FWIW, some numbers. The rendezvous server that I run gets reports from clients about the success/failure of the key establishment phase. Over the last year, there were 85k sessions, of which 74% resulted in success, 22% in timeouts, and 2.5% in bad key-confirmation messages (meaning either a failed attack, or someone typoed the code). So in the worst case where every one of that last category was really a failed attack, there's roughly a 2130/2^16 = 3% chance that someone managed a single successful attack last year.

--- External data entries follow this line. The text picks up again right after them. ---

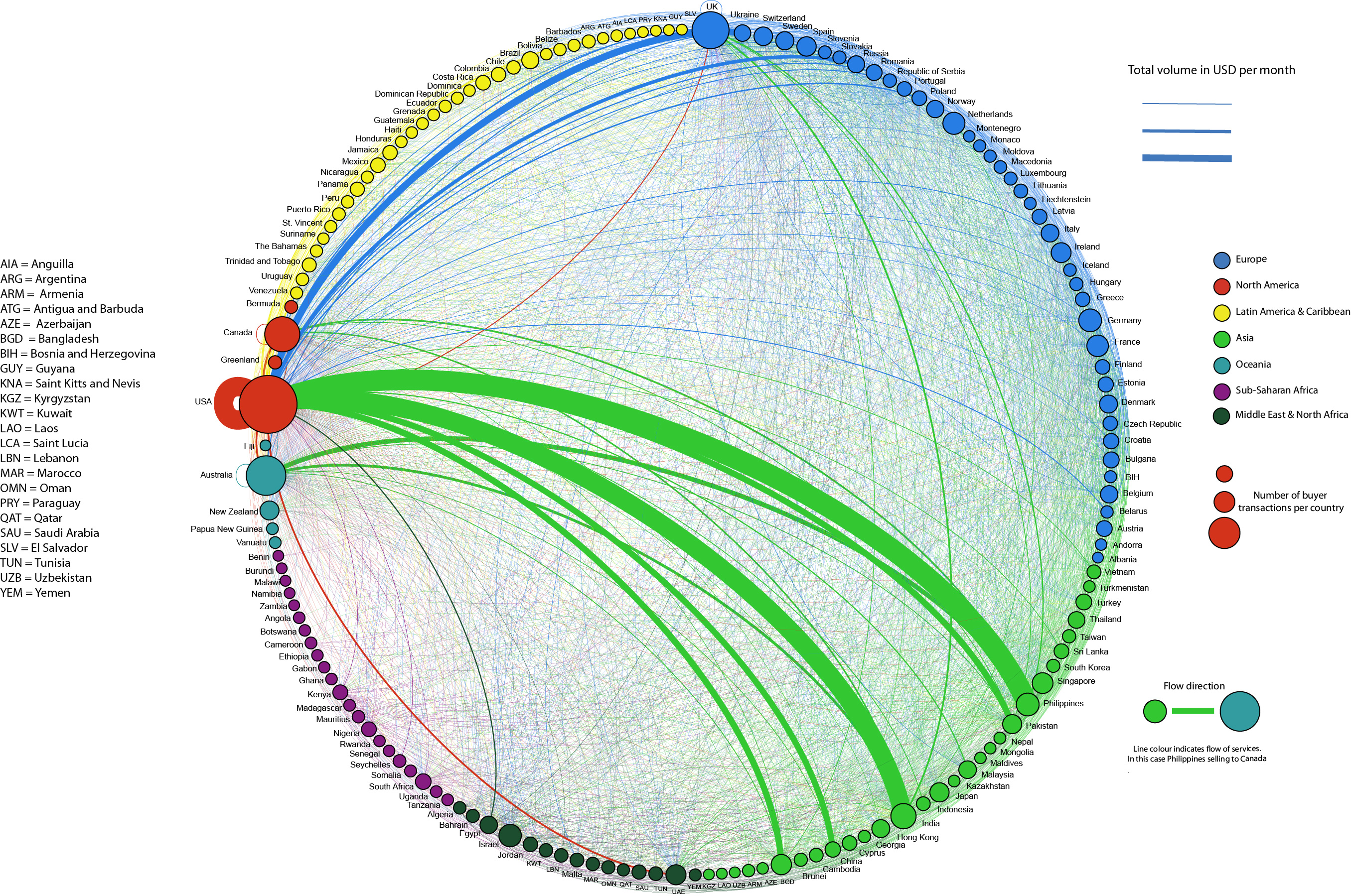 Another very interesting and dense visualization is a connectogram (see our previous post on Connectograms and the Circos tool) demonstrating the highly international trade in the online Gig-Economy: 89% of the trade measured by value happened between a client and a contractor who are in different countries. The network therefore attempts to illustrate the entirety of those international flows in one graph. It depicts countries as nodes (i.e. circles) and volumes of transactions between buyers and sellers in those countries as edges (i.e. the lines connecting countries). Country nodes are shaded according to the world region that they are in and sized according to the number of buyer transactions originating in them. Edges are coloured according to the flow of services: with the line shaded as the colour of the originating/selling region. Edges are also weighted according to the total volume of trade.
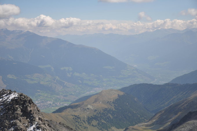 Die NE-Flanke ist wohl der schnellste, nicht jedoch der kräfteschonenste Aufstieg: Der Schutthaufen nimmt beinahe kein Ende. Zu oberst geht dann das ganze Gewühle in kompaten Fels über. Nach etwas mehr als 3.5 h wurden wir mit einem prächtigen Panorame belohnt.
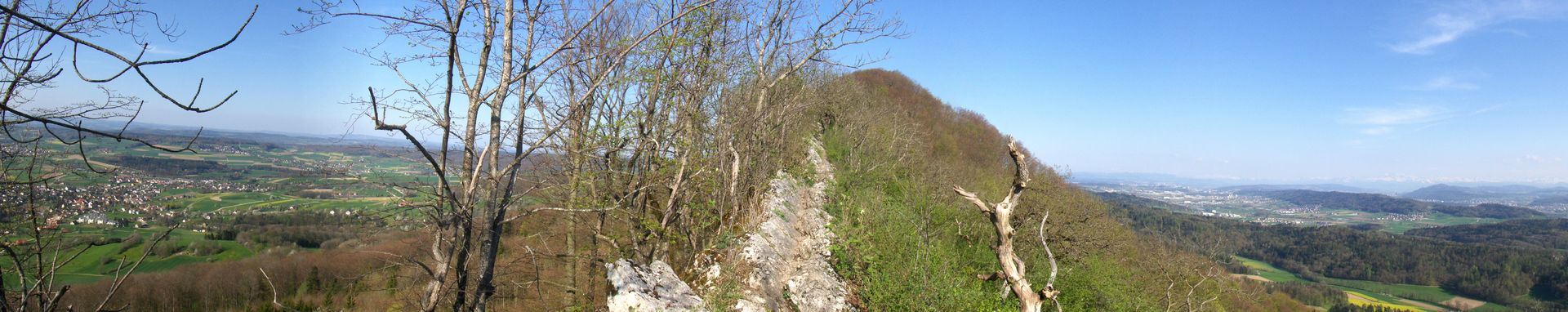 In gewisser Hinsicht habt ihr beide Recht: Entstanden ist das Bild auf einer Wanderung über den Lägerngrat, der sich schnurgerade zwischen Regensberg und Baden erstreckt und die Kantonsgrenze zwischen Zürich und dem Aargau kreuzt. Übrigens ein geologisch hochinteressanter Berggrat - quasi eine hochkant stehende Felsplatte in der Landschaft:

But I tried to make it easy to choose a different tradeoff. `alias wormhole-send=wormhole send --code-length=4` gets you to 2^-32 and gives codes like "4-absurd-almighty-aimless-amulet", which doesn't look too much harder to transcribe.
1 reply →
Okiedokie: you should just use wormhole then: wormhole receive 4-gossamer-hamlet-cellulose-suspense-fortitude-guidance-hydraulic-snowslide-equation-indulge-liberty-chisel-montana-blockade-burlington-quiver :-)
Isn't the code length also selectable?
Yep, the default python implementation lets you pick a code and generate a code with more than 2 words. I'm just cautious in telling people to twiddle knobs that don't need twiddling :-) But you can absolutely go up to 2^-64 or whatever if that makes you happy!